Arun, on the other hand, is afraid of both wife and mother, and simply makes himself scarce when a quarrel develops. Or he tells his mother she is right, and then, to placate Shobha, takes her to the pictures.
Kishore turns up just as everyone is about to go to bed. Bhabiji is annoyed at first, because he has been drinking too much; but when he produces a bunch of cinema tickets, she is mollified and asks him to stay the night. Not even Bhabiji likes missing a new picture.
Kishore is urging me to write his life story.
‘Your life would make a most interesting story,’ I tell him. ‘But it will be interesting only if I put in everything—your successes and your failures.’
‘No, no, only successes,’ exhorts Kishore. ‘I want you to describe me as a popular music director.’
‘But you have yet to become popular.’
‘I will be popular if you write about me.’
Fortunately we are interrupted by the cots being brought in. Then Bhabiji and Shiv go into a huddle, discussing plans for building an extra room. After all, Kamal may be married soon.
One by one, the children get under their quilts. Popat starts massaging Bhabiji’s back. She gives him her favourite blessing: ‘God protect you and give you lots of children.’ If God listens to all Bhabiji’s prayers and blessings, there will never be a fall in the population.
The lights are off and Bhabiji settles down for the night. She is almost asleep when a small voice pipes up: ‘Bhabiji, tell us a story.’
At first Bhabiji pretends not to hear; then, when the request is repeated, she says: ‘You’ll keep Aunty Shobha awake, and then she’ll have an excuse for getting up late in the morning.’ But the children know Bhabiji’s one great weakness, and they renew their demand.

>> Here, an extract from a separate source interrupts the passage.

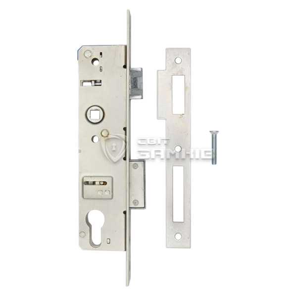 Замок Euro-Elzett встановлюється врізним методом на металопластикові вхідні двері в якості основного. Керується ручками і серцевиною стандарту EURO DIN. Вона в комплект не входить та докуповується окремо в залежності від ваших потреб. Замок оснащений одним прямокутним стальним ригелем. Його повний вихід складає 15 мм. Завдяки реверсивному язичку замок підходить як для ліво, так і право-сторонніх дверей.
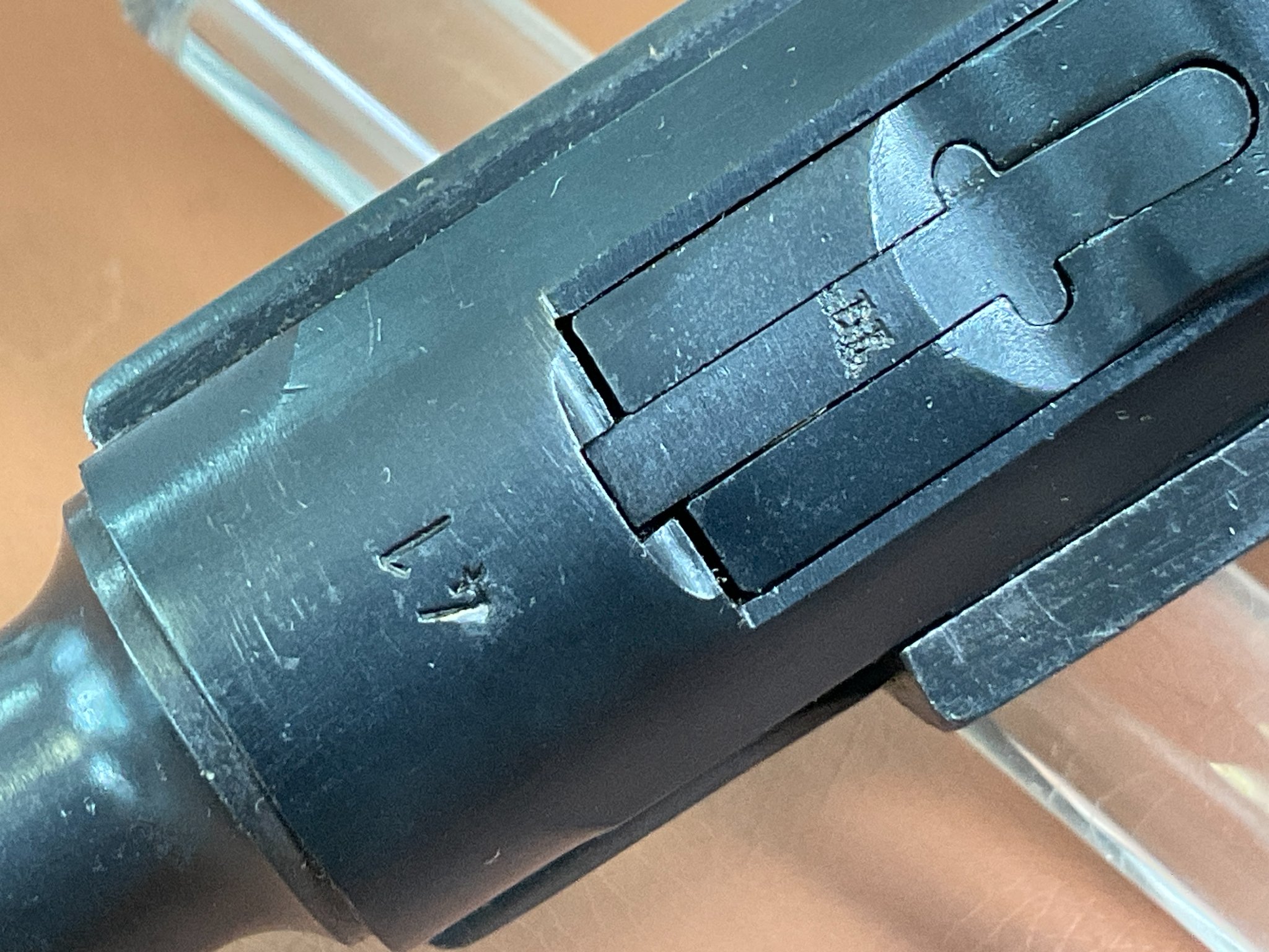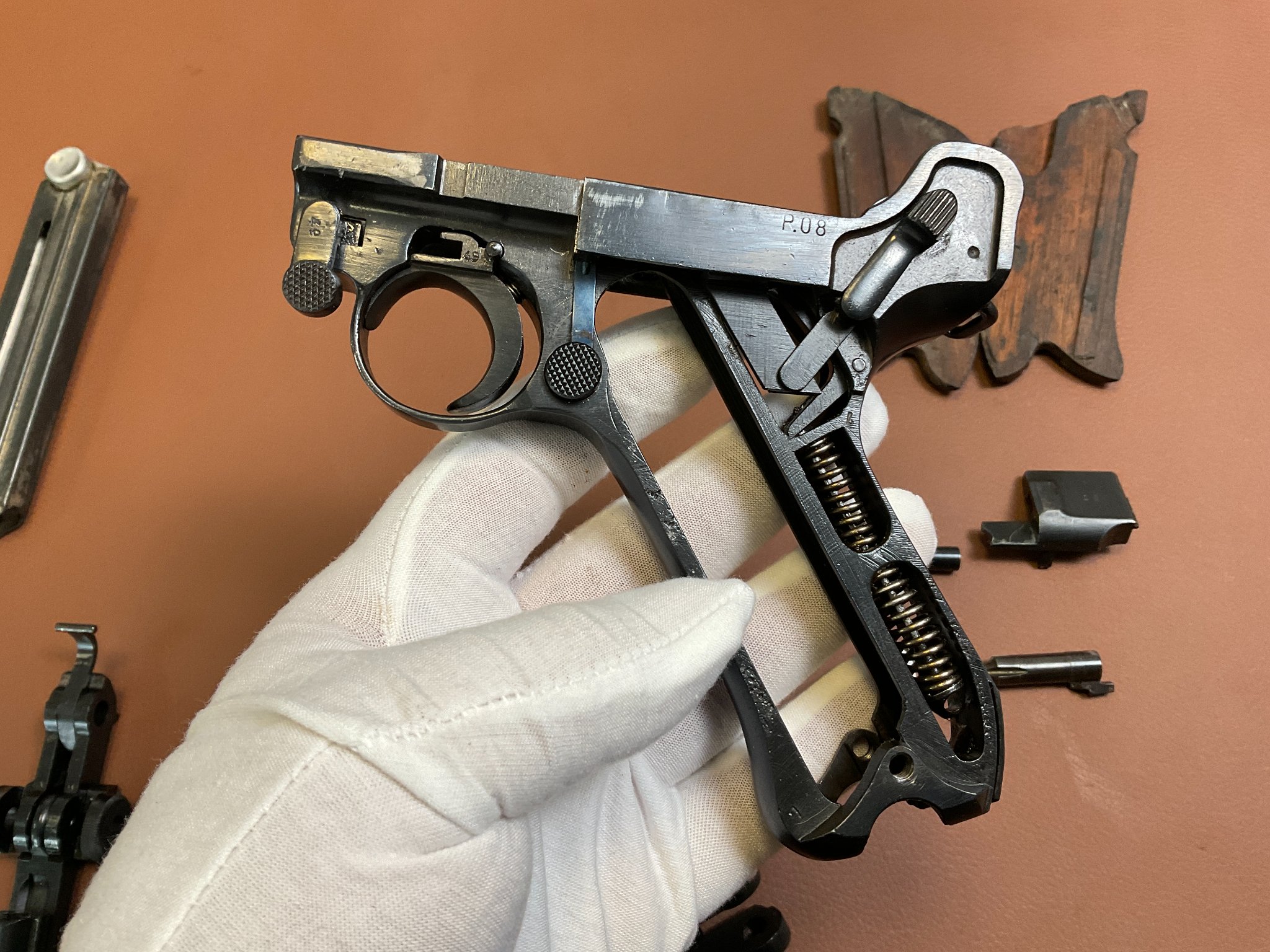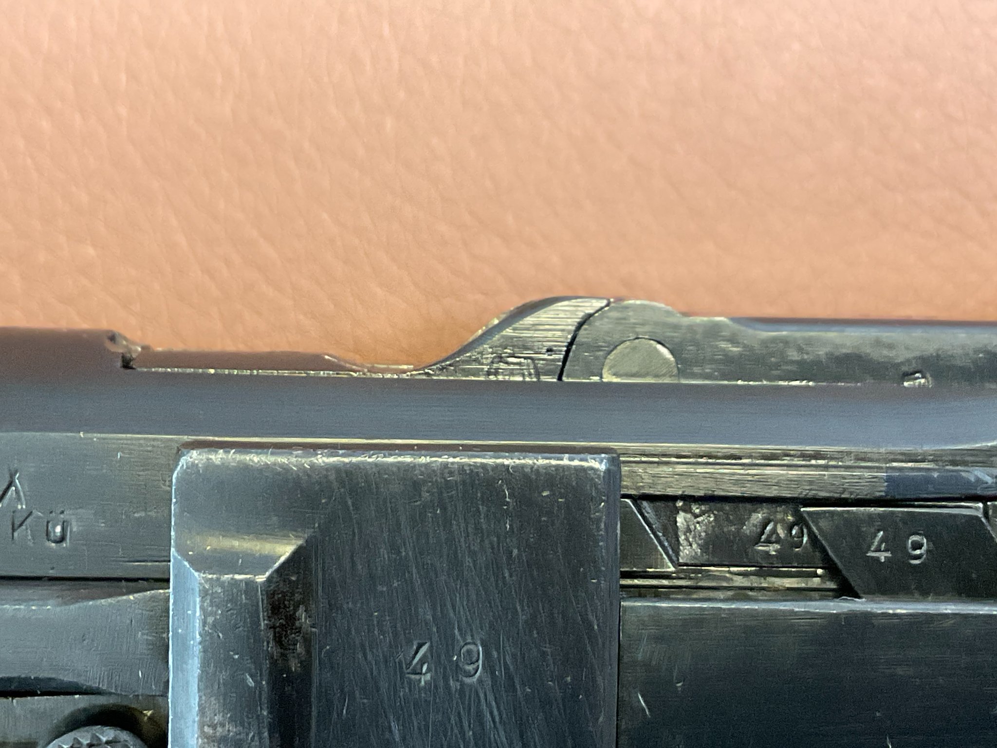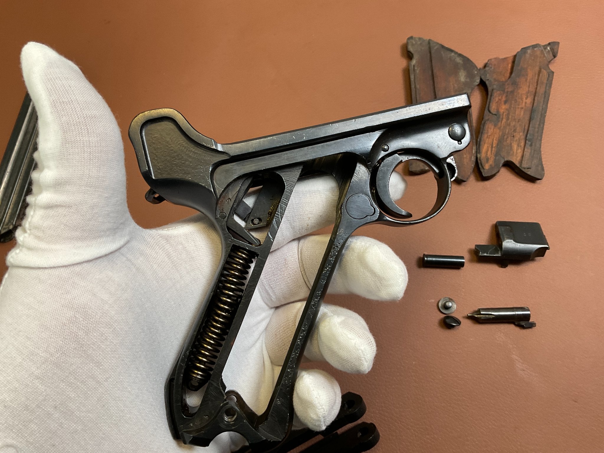 Griffschalen und Magazin sind nicht nummerngleich, ebenso der Auszieher.

‘Your grandmother is tired,’ says Arun. ‘Let her sleep.’
But Bhabiji’s eyes are open. Her mind is going back over the crowded years, and she remembers something very interesting that happened when her younger brother’s wife’s sister married the eldest son of her third cousin . . .
Before long, the children are asleep, and I am wondering if I will ever sleep, for Bhabiji’s voice drones on, into the darker reaches of the night.
The Crooked Tree
I WAS ITCHING to make a move again—not a move from one flat in Delhi to another, but I felt an urge to move to a nondescript town. The big-city mindset was something I had failed to cultivate in the two years I lived in Delhi. I felt like a misfit among the locals there, and though work-wise things were looking up, and I had made a few good friends there, I wanted to breathe the countryside air, be surrounded by the beauties and joys of the natural world, not by the crowds and concrete jungles of the city. So I moved to a district near Shahganj—a town in Uttar Pradesh.
My room in Shahganj was very small. I had paced about in it so often that I knew its exact measurements: twelve feet by ten. The string of my cot needed tightening. The dip in the middle was so pronounced that I invariably woke up in the morning with a backache; but I was hopeless at tightening charpoy strings.
Under the cot was my trunk. Its contents ranged from old, rejected manuscripts to clothes and letters and photographs. The rent was nominal and the window had a view of the bus stop and rickshaw-stand. I was satisfied with this change in my environment in any case.
I did not live entirely alone. Sometimes a beggar spent the night on the balcony; and, during cold or wet weather, the boys from the tea shop, who normally slept on the pavement, crowded into the room.
Usually I woke early in the mornings, as sleep was fitful, uneasy, crowded with dreams. I knew it was five o’clock when I heard the first upcountry bus leaving its shed. I would then get up and take a walk in the fields beyond the railroad tracks.
One morning, while I was walking in the fields, I noticed someone lying across the pathway, his head and shoulders hidden by the stalks of young sugar cane. When I came near, I saw he was a boy of about eighteen. His body was twitching convulsively, his face was very white, except where a little blood had trickled down his chin. His legs kept moving, and his hands fluttered restlessly, helplessly.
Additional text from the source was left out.